例： DELETE FROM line_item　WHERE (order_nbr, part_nbr) IN

　　　 (SELECT c.order_nbr, p.part_nbr

FROM cust_order c, line_item li, part p

WHERE c.ship_dt IS NULL AND c.cancelled_dt IS NULL

AND c.order_nbr = li.order_nbr

AND li.part_nbr = p.part_nbr

AND p.status = 'DISCONTINUED');

Note the use of the IN operator in the WHERE clause. Two columns are listed together in parentheses prior to the IN keyword. Values in these two columns are compared to the set of two values returned by each row of the subquery. If a match is found, the row is removed from the line_item table.

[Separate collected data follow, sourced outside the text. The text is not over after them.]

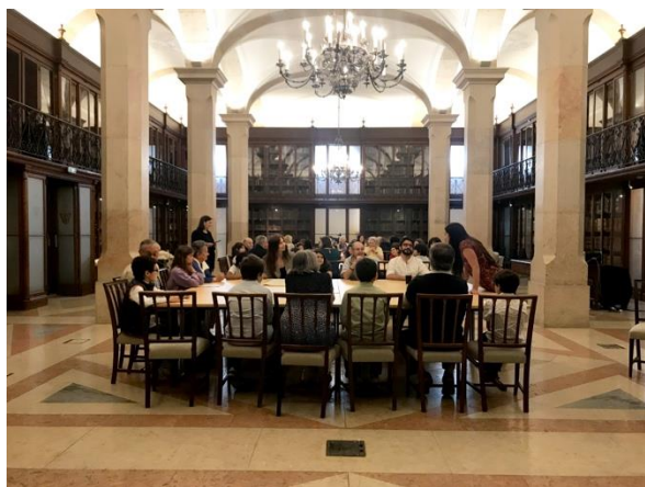
Sessão Comemorativa CMLisboa – 10 de maio 2022
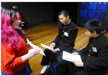
好きな動物になりきって英語で自己紹介する生徒たち
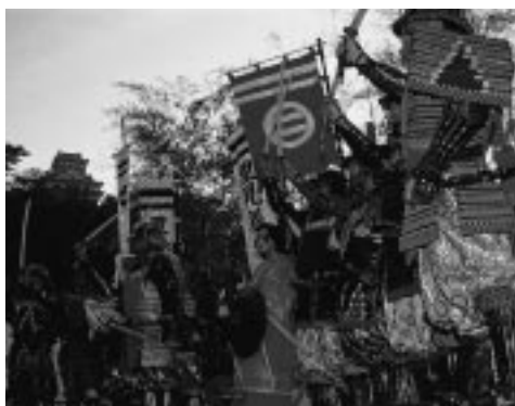
城山公園で出陣式を行う武者行列。左上は館山城

館山の秋の風物詩・南総里見まつりが20回目を迎え、多彩な記念イベントが一週間にわたって開かれます。見所はやはり歴史ロマンを感じさせる里見水軍武者行列(21日)。手作りの甲冑 かっちょう などを身に着けた約200人の市民が例年参加し、市内を練り歩きます。メイン会場の城山公園では郷土芸能の披露や特産品の直売などが恒例となっています。
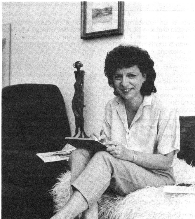
Sylva Nova: il sorriso del sud...
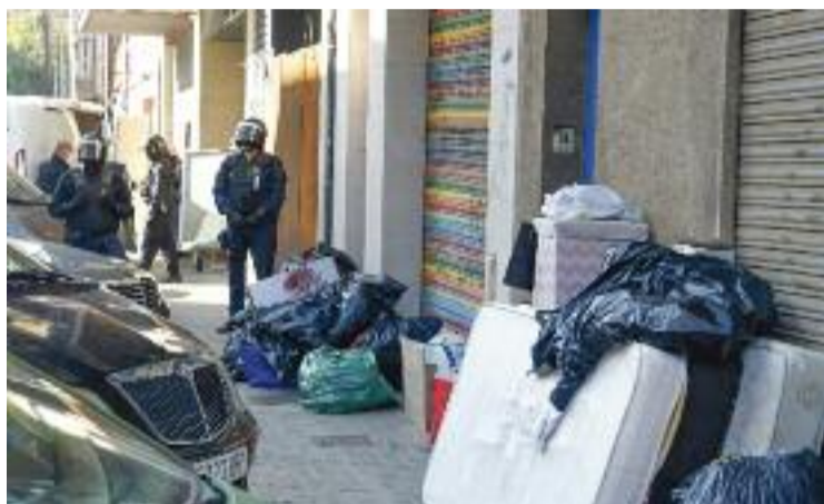
Pertinences apilades en un desnonament a Sant Roc.
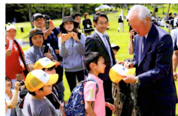
青木功プロのサイン会
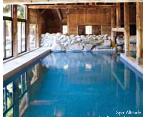
Spa Altitude Les Fermes de Marie
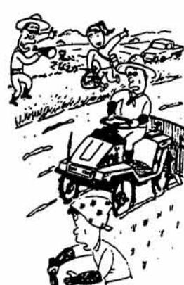
農業センサスにご協力ください

調査員がお伺い した際には、統計の重要性をご認識のうえご協力とご理解をぜひお願いいたします。
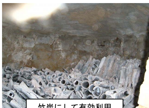
竹炭にして有効利用
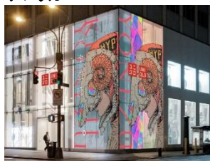
ニューヨーク 5 番街店
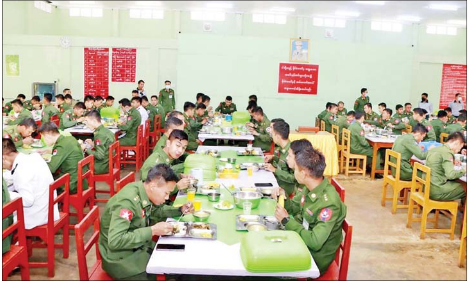
အရာရှိ၊ စစ်သည်၊ မိသားစုများကို ရင်းရင်းနှီးနှီး တွေ့ဆုံဆက်ဆံပြီး ဂုဏ်ပြုစားပွဲများပြုလုပ်၍ တက်ရောက်အားပေးကာ အရာရှိ၊ စစ်သည်၊ မိသားစုများနှင့်အတူတကွ နေ့လယ်စာသုံးဆောင်ခဲ့ကြောင်း သိရသည်။ သတင်းစဉ်

ထိုသို့ ဆောင်ရွက်လျက်ရှိရာ ယနေ့တွင် အလယ်ပိုင်းတိုင်းစစ်ဌာနချုပ်နှင့် တောင်ပိုင်းတိုင်းစစ်ဌာနချုပ်တို့မှ တိုင်းမှူးနှင့် တာဝန်ရှိသူများက သက်ဆိုင်ရာ ကွပ်ကဲမှုအောက်ရှိ တပ်ရင်း/တပ်ဖွဲ့များနှင့် နယ်မြေခံသင်တန်းကျောင်းများသို့ သွားရောက်၍ အရာရှိ၊ စစ်သည်၊ မိသားစုများအား ရင်းရင်းနှီးနှီး တွေ့ဆုံဆက်ဆံပြီး ဂုဏ်ပြုစားပွဲများ ပြုလုပ်ပေး၍ တက်ရောက်အားပေးကာ အရာရှိ၊ စစ်သည်၊ မိသားစုများနှင့် အတူတကွ လက်ရည်တစ်ပြင်တည်း နေ့လယ်စာသုံးဆောင်ခဲ့ကြသည်။ အလားတူ တိုင်းစစ်ဌာနချုပ်များအလိုက် တပ်နယ်အသီးသီးမှ တပ်မတော်အရာရှိကြီးများက လည်း ၎င်းတို့၏ ကွပ်ကဲမှုများအလိုက် တပ်ရင်း/တပ်ဖွဲ့များနှင့် နယ်မြေခံသင်တန်းကျောင်းများမှ

3.相关性查询 (Correlated subquery)：

A subquery that references one or more columns from its containing SQL statement is called a correlated subquery. Unlike noncorrelated subqueries, which are executed exactly once prior to execution of the containing statement, a correlated subquery is executed once for each candidate row in the intermediate result set of the containing query.(如果一个子查询中引用了包含查询语句的一个或多个字段，则该子查询就称为相关性子查询。和非相关性子查询不同的是－非相关性子查询在包含查询之前执行，而且只执行一次。相关性查询对包含查询中的中间结果集的每一条记录都执行一次子查询 )

例： SELECT p.part_nbr, p.name

　　 FROM supplier s, part p

WHERE s.name = 'Acme Industries'

AND s.supplier_id = p.supplier_id

AND 10 <= (SELECT COUNT(*) FROM cust_order co, line_item li

WHERE li.part_nbr = p.part_nbr

AND li.order_nbr = co.order_nbr

AND co.order_dt >= TO_DATE('01-DEC-2001','DD-MON-YYYY'));

The reference to p.part_nbr is what makes the subquery correlated; values for p.part_nbr must be supplied by the containing query before the subquery can execute. If there are 10,000 parts in the part table, but only 100 are supplied by Acme Industries, the subquery will be executed once for each of the 100 rows in the intermediate result set created by joining the part and supplier tables.( 因为子查询中引用了包含查询的:p.part_nbr字段，所以该子查询是相关性查询，p.part_nbr字段的值必须在子查询执行之前由包含查询给出，如果表part中有1000种零件，但只有100种零件由Acme Industries提供，子查询会在由part表和supplier表联合组成的临时表中的100符合条件的记录上执行100次查询，而不是在包含查询执行前一次执行完成)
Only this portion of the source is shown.